BRIEF => Give back every entry exactly as it is written, but not the pictures.
Segment Start: DATASET RECORDS
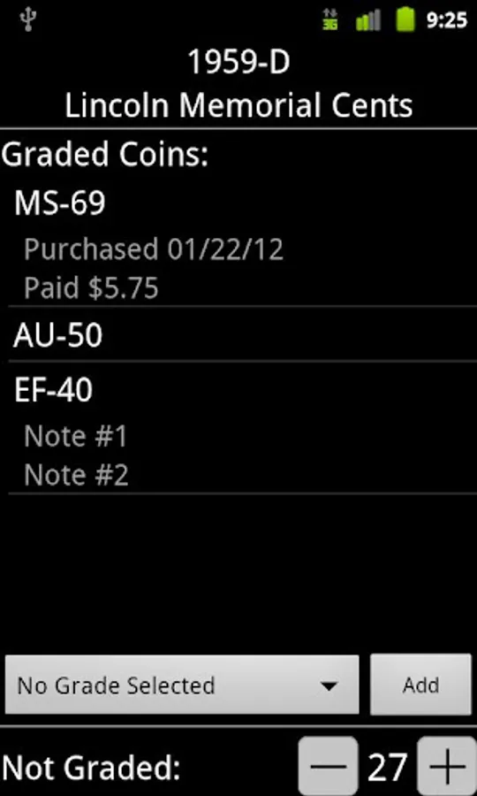 Keep track of your coin collection with ease! It doesn't matter if you have a small collection or a large collection. This app is especially useful if you are a collector on the go! Don't worry about buying a coin you already have in your collection ever again. Now you always have a coin list in the palm of your hand! It even allows you to keep track of the graded coins in your collection. No Internet connection required!
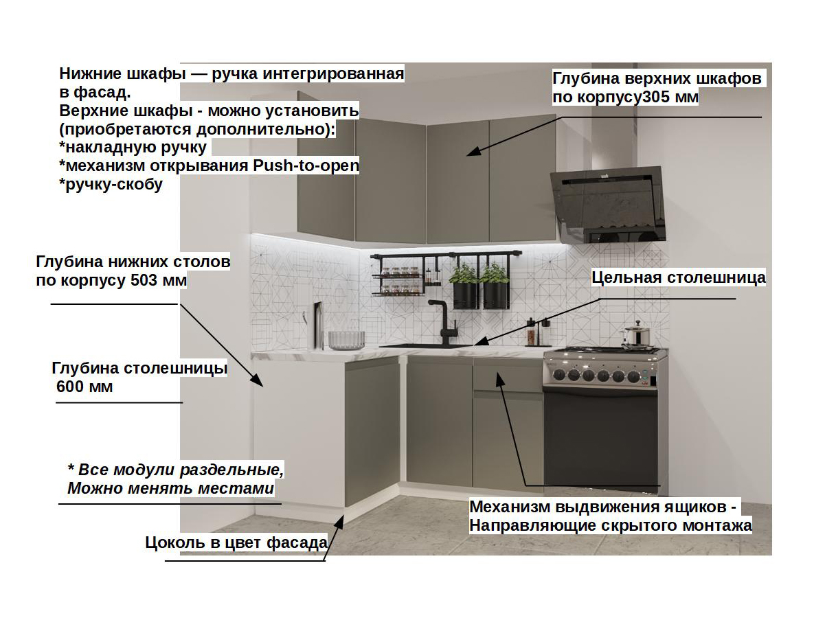 Кухонная мойка, стеновая панель, посудосушитель, планки для столешницы в комплект не входят.
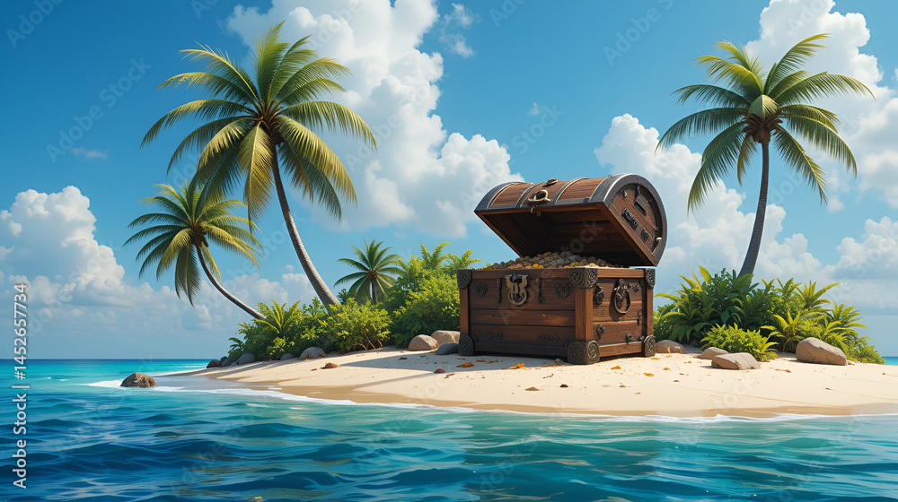 Plakat Wyspy - Pirate treasure chest on a deserted island #1452657734
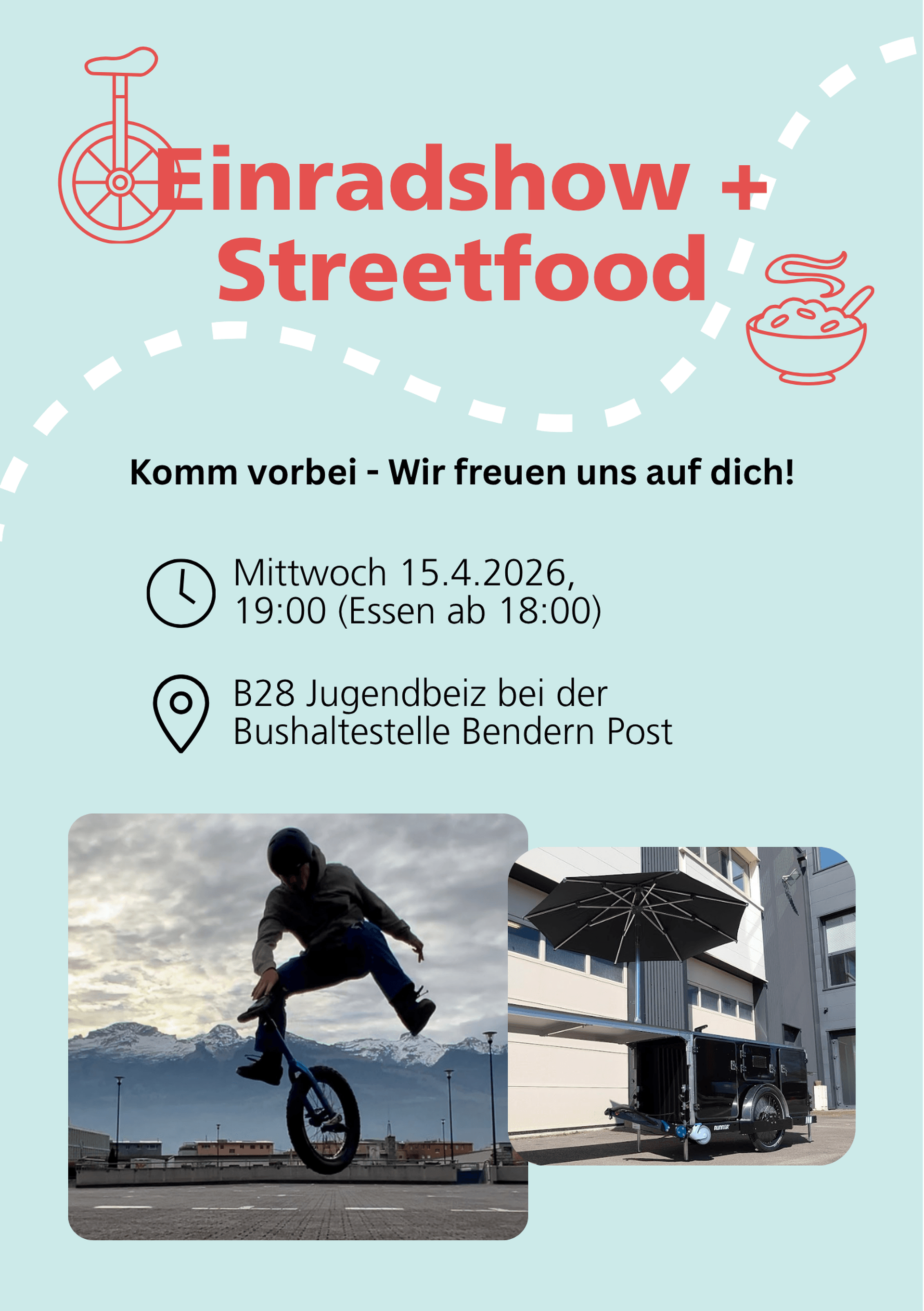 Das Team des B28 zeigt coole Tricks mit dem Einrad, gefolgt von spannenden Vorträgen von Veloreisenden in denen sie über ihre Erlebnisse mit dem Fahrrad erzählen werden. Ort: B28 Jugendbeiz in Bendern. Ausserdem bereitet das Streetwork-Team für uns ein Essen zu: Ab 18:00 Uhr gibt es eine kostenlose Mahlzeit für alle Interessierten. Über freiwillige Spenden freut sich das Team sehr.
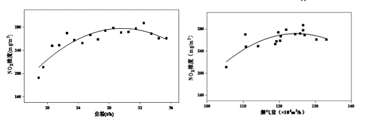 图3 焦粉对NOx浓度的影响,mg/m3 图4 烟气量对NOx浓度的影响,mg/m3
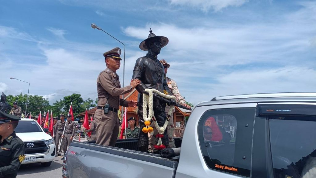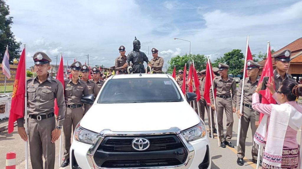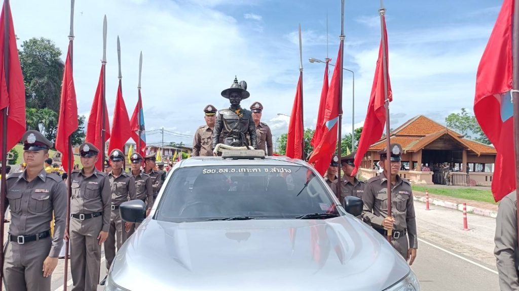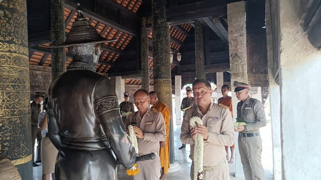 พ.ต.อ.ชวลิต จินดารัตน์ ผกก.สภ.บ้านเสด็จ พร้อมข้าราชการตำรวจ สภ.บ้านเสด็จ 13 นาย เข้าร่วม พิธีบวงสรวงเจริญพระพุทธมนต์และสมโภชอัญเชิญ พระบรมรูปสมเด็จพระเจ้าตากสินมหาราช รูปเหมือนพระยากาวิละ รูปเหมือนพระยาพิชัยดาบหัก ขึ้นประดิษฐานบนแท่น
Segment End: DATASET RECORDS
REPLY TO THE EXERCISE =>
 Keep track of your coin collection with ease! It doesn't matter if you have a small collection or a large collection. This app is especially useful if you are a collector on the go! Don't worry about buying a coin you already have in your collection ever again. Now you always have a coin list in the palm of your hand! It even allows you to keep track of the graded coins in your collection. No Internet connection required!
 Кухонная мойка, стеновая панель, посудосушитель, планки для столешницы в комплект не входят.
 Plakat Wyspy - Pirate treasure chest on a deserted island #1452657734
 Das Team des B28 zeigt coole Tricks mit dem Einrad, gefolgt von spannenden Vorträgen von Veloreisenden in denen sie über ihre Erlebnisse mit dem Fahrrad erzählen werden. Ort: B28 Jugendbeiz in Bendern. Ausserdem bereitet das Streetwork-Team für uns ein Essen zu: Ab 18:00 Uhr gibt es eine kostenlose Mahlzeit für alle Interessierten. Über freiwillige Spenden freut sich das Team sehr.
 图3 焦粉对NOx浓度的影响,mg/m3 图4 烟气量对NOx浓度的影响,mg/m3
 พ.ต.อ.ชวลิต จินดารัตน์ ผกก.สภ.บ้านเสด็จ พร้อมข้าราชการตำรวจ สภ.บ้านเสด็จ 13 นาย เข้าร่วม พิธีบวงสรวงเจริญพระพุทธมนต์และสมโภชอัญเชิญ พระบรมรูปสมเด็จพระเจ้าตากสินมหาราช รูปเหมือนพระยากาวิละ รูปเหมือนพระยาพิชัยดาบหัก ขึ้นประดิษฐานบนแท่น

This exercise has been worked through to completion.